= Dirk van Hogendorp (lawyer) =

Dutch lawyer (1797–1845)

Dirk, Count van Hogendorp (18 December 1797, Amsterdam – 18 March 1845, The Hague), son of Gijsbert Karel van Hogendorp, nephew of Dirk van Hogendorp, father of Dirk van Hogendorp jr., was a Dutch jurist. Van Hogendorp lived continually in the shadow of his father, the founder of the first Dutch Constitution. He is a great-great-grandfather of Audrey Hepburn.

==Life==
Van Hogendorp studied law at Leiden. He graduated there in 1822 as doctor 'in both laws' (Doctor iuris utriusque), that is, civil law and criminal law. During his studies, he came under the influence of Willem Bilderdijk. In 1830 Van Hogendorp became substitute-officer at the court of Amsterdam. Later on he became an attorney (raadsheer) in the Provincial Court of South Holland. In that same year, he married his first cousin Marianne Cathérine jonkvrouw van Hogendorp. They had a number of children, including Dirk van Hogendorp jr. (1833-1857), who like his father studied at Leiden and became a lawyer, and Anna van Hogendorp (1841-1915), who became a Christian supporter of women's suffrage. Through his oldest daughter Caroline (1831-1913), he is a great-great-grandfather of Audrey Hepburn.
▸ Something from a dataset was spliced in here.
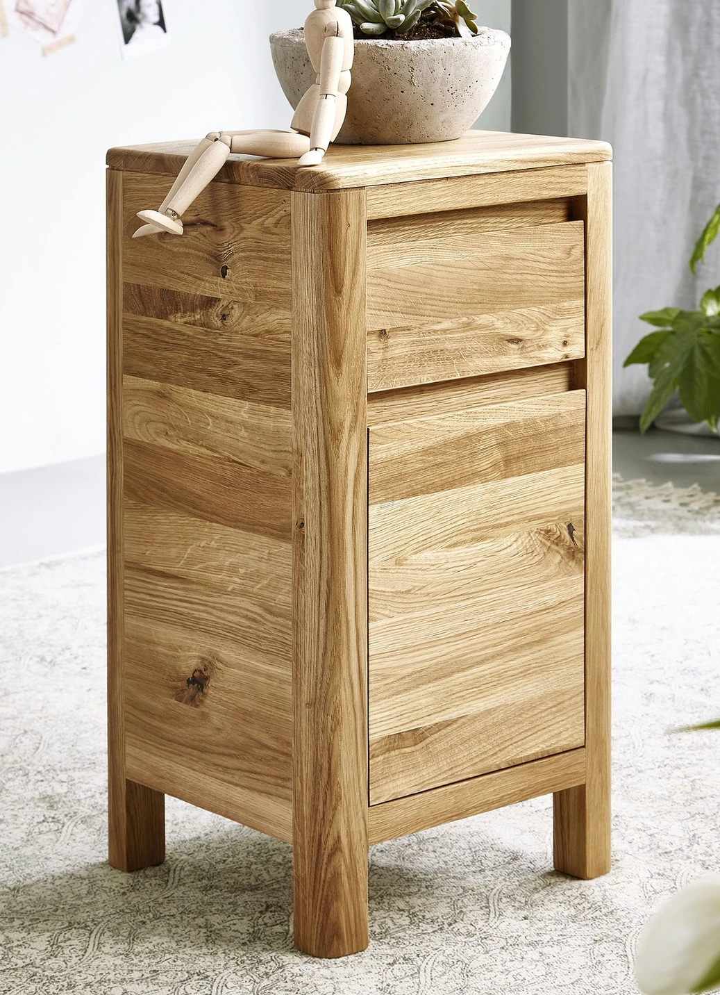 Besonders kombinierfreundliche, hochwertige Möbel-Serie mit gerundeten Ecken und Kanten, die mit ihrem natürlichen Charme zu begeistern weiß. Jeweils in geölter Ausführung aus massiver Kernbuche bzw. Wildeiche gefertigt. Schubladen auf Metallführungsschienen. Die Lieferung erfolgt jeweils aufgebaut

In the summer of 1823 Dirk van Hogendorp travelled round the Netherlands on foot with his friend Jacob van Lennep. Both gentlemen loved this journey and produced diaries of it - that of Van Lennep was later published under the title 'Nederland in den goeden ouden Tijd' ('The Netherlands in the good old days', 1943) and 'Lopen met Van Lennep' ('Walking with Van Lennep', 2000), edited by Marita Mathijsen and Geert Mak. The last edition appeared as a result of a TV series made for the RVU by Theo Uittenbogaard, 'De Zomer van 1823' ('The Summer of 1823'), in which he and Geert Mak retraced the pair's footsteps.

The archives of Van Hogendorp are named in the 1955 Kluit Catalogus of the library of the University of Amsterdam on The Réveil.